# Glass lids blocking light



## Blackheart (Jul 5, 2011)

I recently purchased the Finnex 24/7 for my 55 and I am having the same issues from my glass canopy lids that I had with my old led as well and the lids. The middle portion's black trim where the lids hinge open block out a good portion of the light and makes the tank look darker. I hate it. I have to move the light to the back of the tank or go lidless.

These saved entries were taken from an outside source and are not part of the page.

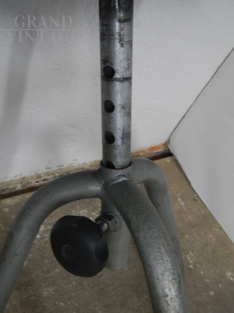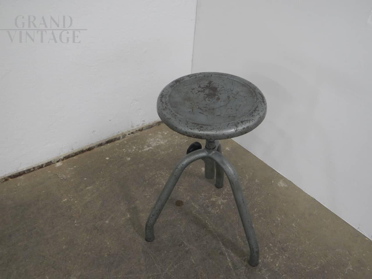 Sgabello da officina vintage industriale a 3 gambe in ferro laccato verde, regolabile in altezza fino a 56 cm, diametro seduta 30 cm. Restaurato e trattato con vernice da ferro.
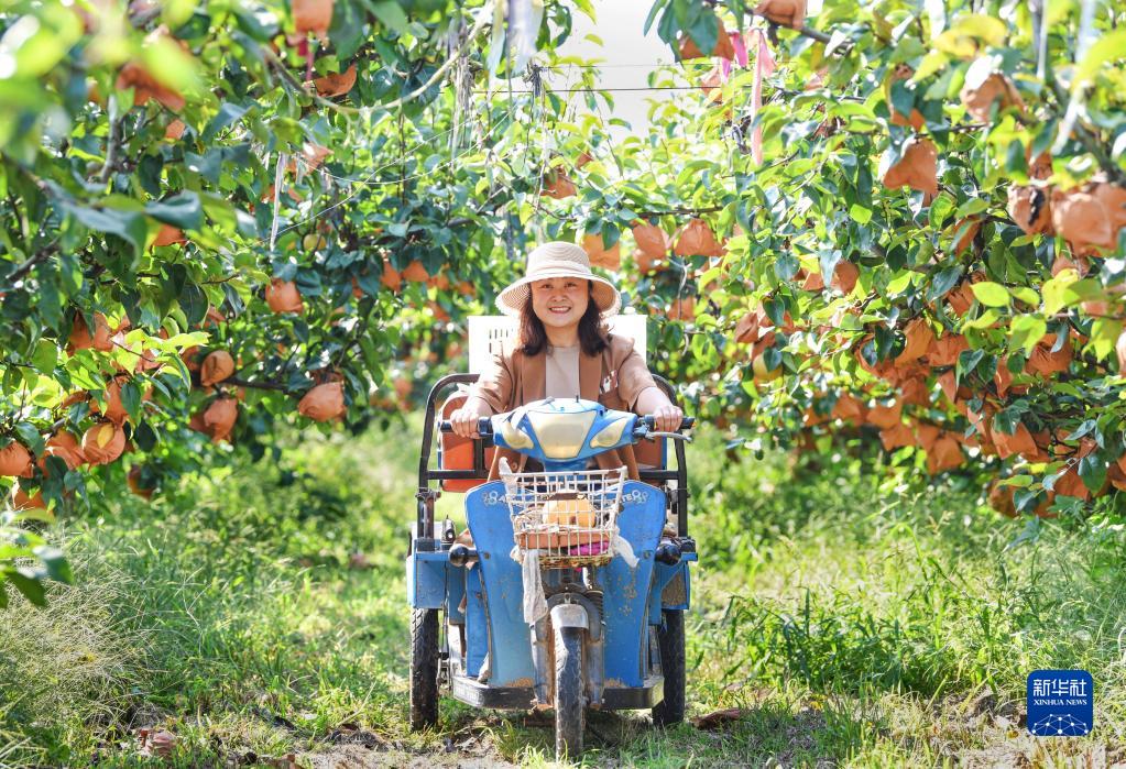 9月22日,在山東省膠州市膠北街道王家莊村秋月農場的梨園里,“80后”王慧芬駕三輪車前來采摘。王慧芬大學畢業后回到老家發展梨樹種植。今年,她種植的200畝“小甜梨”豐收在望。
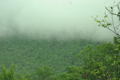 The clouds parted just a moment to reveal a mountain on this normally cloudy raining day.
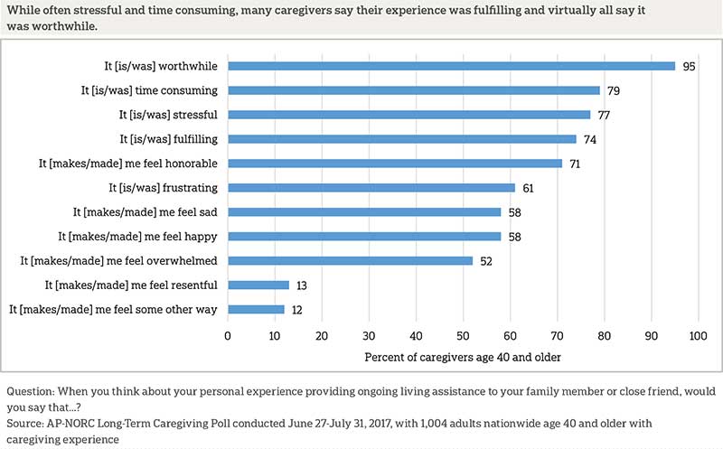 • Virtually all caregivers say the caregiving experience was worthwhile (95 percent) despite more than 3 in 4 characterizing their experiences as stressful or time consuming.
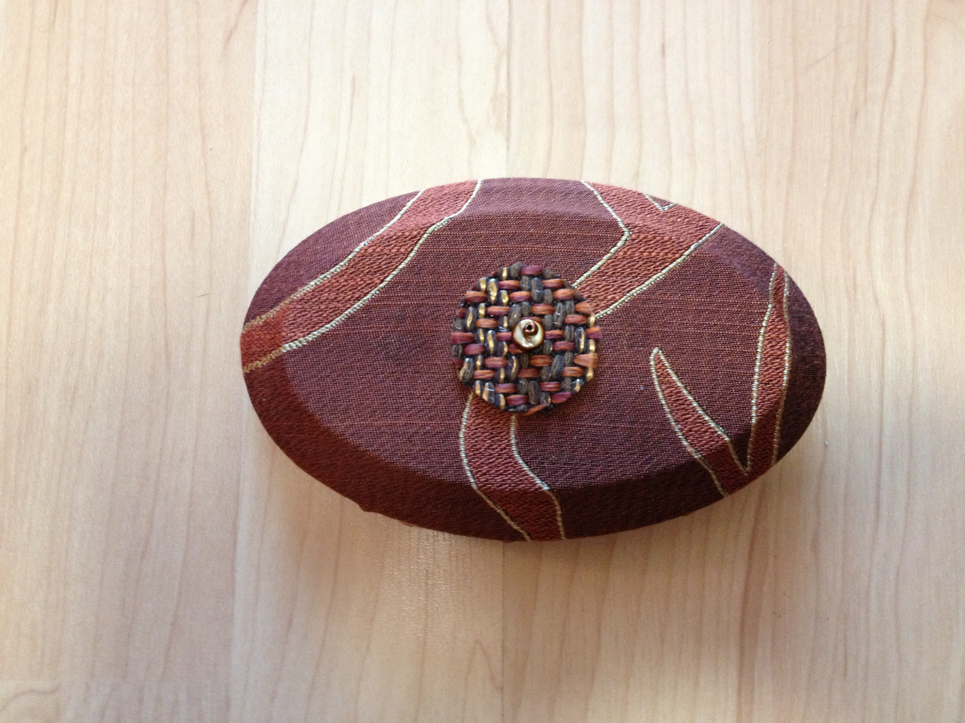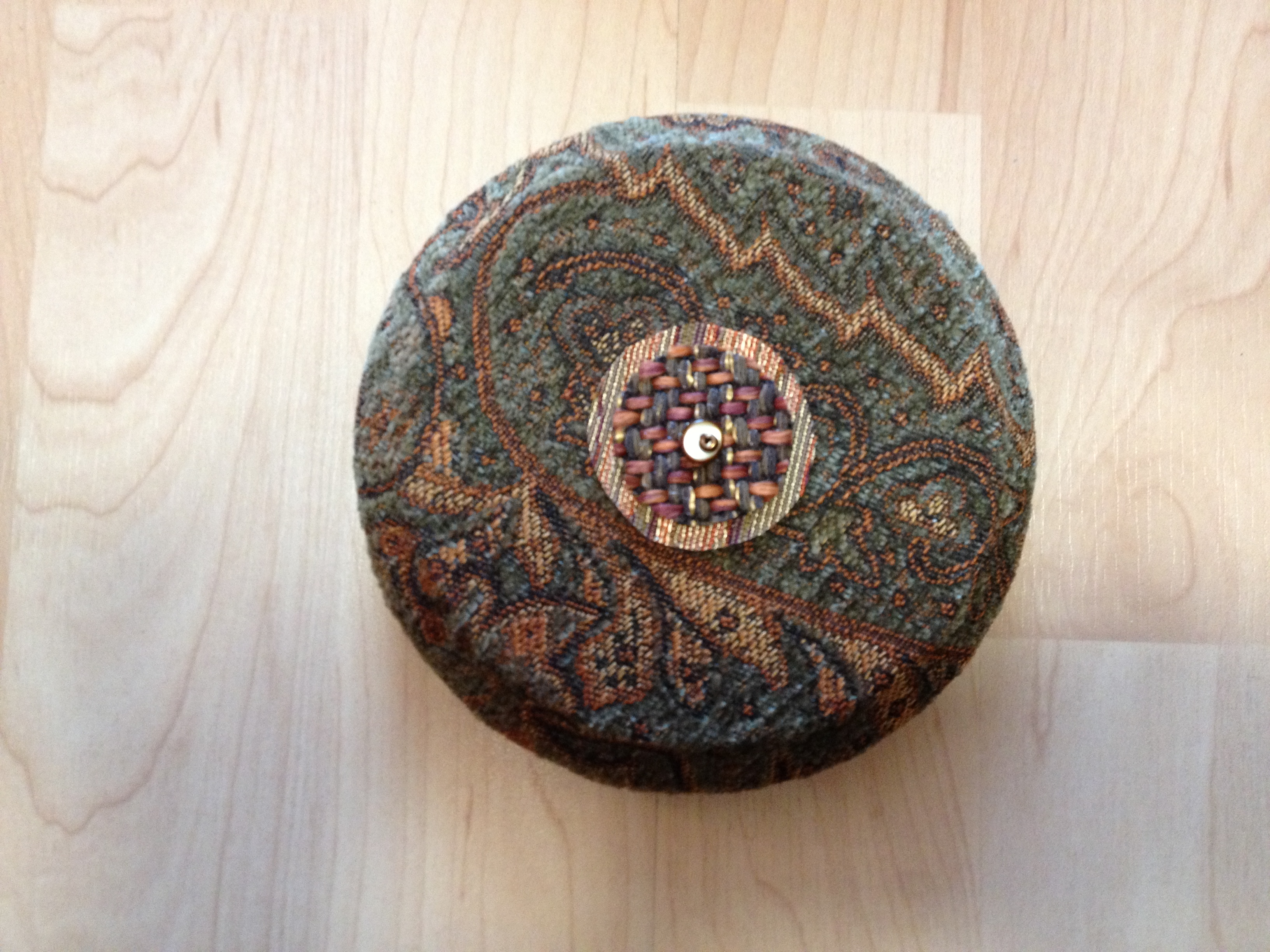 Think you can’t add a dash of panache to your walls without spending a lot of money? This project combines the wallpaper samples that I acquired at SCRAP along with $1 wood shapes and a few beads from Michaels Crafts. I think it is an easy way to add some color and texture to any wall. You can use any number, size, and combination of wood shapes to match the size of the space you are decorating. The possibilities are endless!
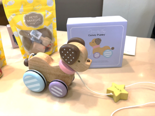 ひもを引っ張ると まあるいおしりを上下に振って走ります。

Any ideas on what I should or could do? I really don't mind not using the lids... my only huge issue with that is the fact after about 3 days, I have to constantly listen to the splashing of water from my filter due to the water evaporating.


----------



## Seattle_Aquarist (Jun 15, 2008)

Hi Blackheart,

Before there were Versa-Tops there were sliding glass tops. The advantage was no center hinge so no light blockage. This DIY YouTube video is very similar to what we used in the '60's and 70's.

*



*


----------



## Immortal1 (Feb 18, 2015)

Blackheart said:


> I recently purchased the Finnex 24/7 for my 55 and I am having the same issues from my glass canopy lids that I had with my old led as well and the lids. The middle portion's black trim where the lids hinge open block out a good portion of the light and makes the tank look darker. I hate it. I have to move the light to the back of the tank or go lidless.
> 
> Any ideas on what I should or could do? I really don't mind not using the lids... my only huge issue with that is the fact after about 3 days, I have to constantly listen to the splashing of water from my filter due to the water evaporating.


What many of us around here have done was to go to Menards (Home Depot, Lowes) and go to the wall paneling section. Look for a specific type of wall paneling plastic molding and create slides for your glass panels. This allows you to get rid of the black plastic hinge. Moulding looks kinda like this...
|
|----
|____

edit, above video does a much better job of showing what needs to be done!!!


----------



## York1 (Dec 18, 2014)

I just remove the hinges.


----------



## second (Jan 31, 2005)

I took the black plastic hinge off, cut out the middle with tin snips( thats some tough plastic) and then put the end pieces back on. Basically I have a 2" section of hinge at each end. Problem solved


----------



## Geoff-PA (Jun 5, 2016)

second said:


> I took the black plastic hinge off, cut out the middle with tin snips( thats some tough plastic) and then put the end pieces back on. Basically I have a 2" section of hinge at each end. Problem solved




Genius!


----------



## jeffkrol (Jun 5, 2013)

second said:


> I took the black plastic hinge off, cut out the middle with tin snips( thats some tough plastic) and then put the end pieces back on. Basically I have a 2" section of hinge at each end. Problem solved


Hey I like that idea..
But to join in a bit, there were things I "thought" of.. having 3 of the offending tops. 
1)Find the clear ones.. yes they do make these hinges in other than black. Even wrote to the company asking "WTF" why black?
Never got an answer.








https://www.jifram.com/living-hinge.php
2)Was going to make one out of silicone caulk (thought it was possible.
3)use silicone and flex. plastic and make hinges


----------



## Seattle_Aquarist (Jun 15, 2008)

Hi jeffkrol,

With the black ones we can't see the algae that builds up in there - lol


----------